Yatama and UNO supporters called an assembly in Siuna on August 10 to read a unilateral order from Pantin naming a new mayor. On the 29th, INDERA director and Yatama leader Brooklyn Rivera visited Siuna to inform the furious, mainly mestizo population that this decision had President Chamorro's support. Two days later Pantin's delegates repeated the performance in Rosita.

Since the central government has yet to release administrative funding for the coast municipalities, the mayors' offices and the towns themselves had been paralyzed for the previous four months. The two Sandinista mayors, rather than ceding to the illegal action, locked up the offices and held on to the keys. The latest reported move is that Pantin has tried an end run by naming Regional Council delegates to control the towns.

There is no legal basis for either move in the Constitution, the Autonomy Law or the Municipal Law. Ex-Yatama military leader and current Communal Affairs director Wycliffe Diego, in Managua in early October in yet another failed attempt to get funding for the RAAN out of the central government, was asked by envío what legal justification the Regional Council had for its takeover of the mining towns. "The Council was elected by the people," was his answer. "It has the authority to do whatever it wants."

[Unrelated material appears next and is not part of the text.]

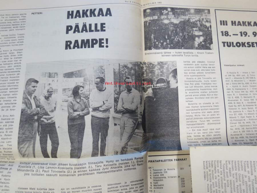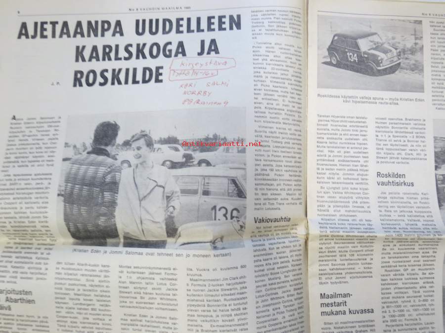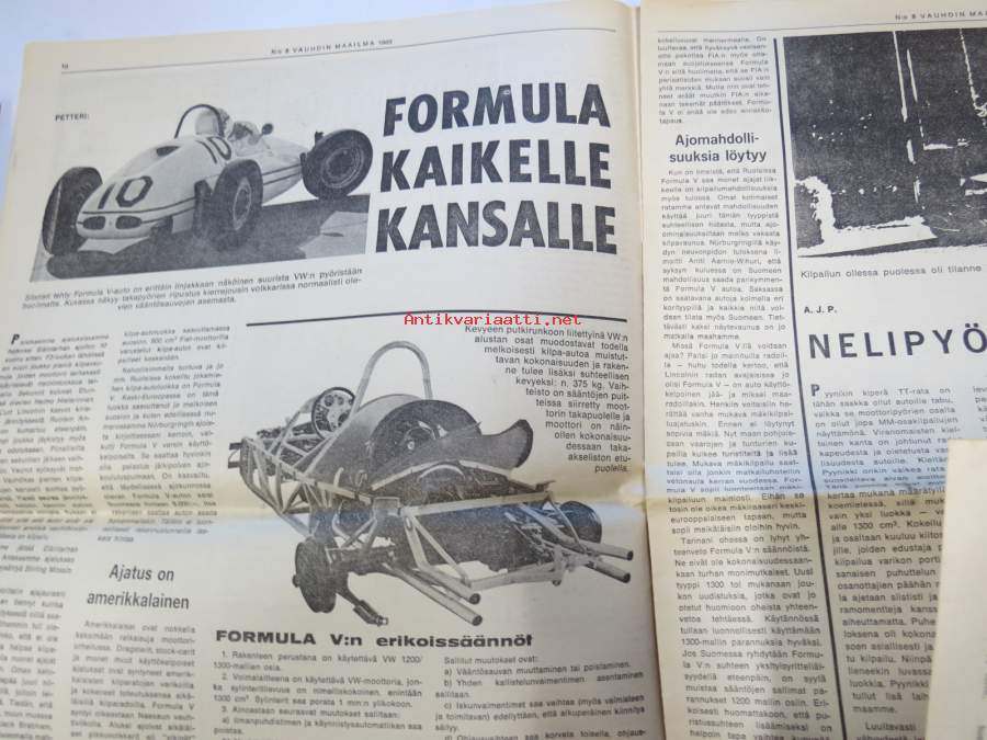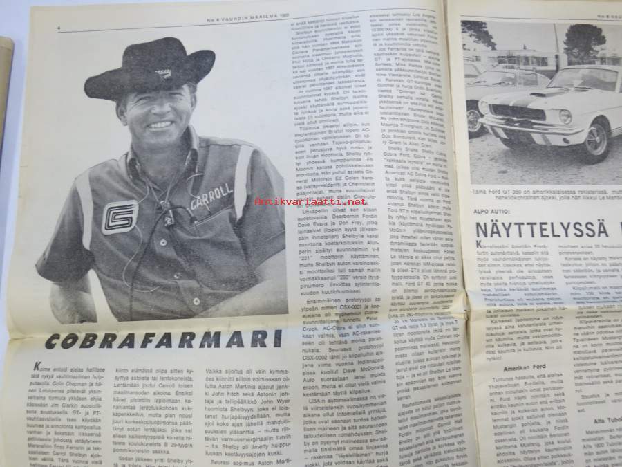 Vauhdin maailma 1965 nr 8, sis. mm. seur. artikkelit / kuvat / mainokset; Länsiraudat ja Itäharju, Cobrafarmari Carrol Shelby ja Cobra Daytona Coupé, Näyttelyssä nähtyä Honda 600 Coupe - Alfa Tubolare - Ford GT 350 - Porsche Targa, Karlskoga Roskilde tulokset, Karl-Gustav Paukapää Mannheim-ringillä, Formula kaikelle kansalle, Hakkaa päälle Rampe Kossila!, Kova kisa - kiva rata, Jääratasäännöt -66, katso sisältö kuvista tarkemmin.

Mario Rizo, a legal researcher for the Center for Research and Documentation on the Atlantic Coast, says the situation in the mining towns is extremely tense. He has called on the executive and electoral branches of the central government and all parties in the regional government to prepare municipal elections as quickly as possible to prevent a renewed outbreak of military confrontations and protect the rule of law from further abuse. He also urges the prompt release of administrative funding for the mining towns, several of which are without electricity and other social services.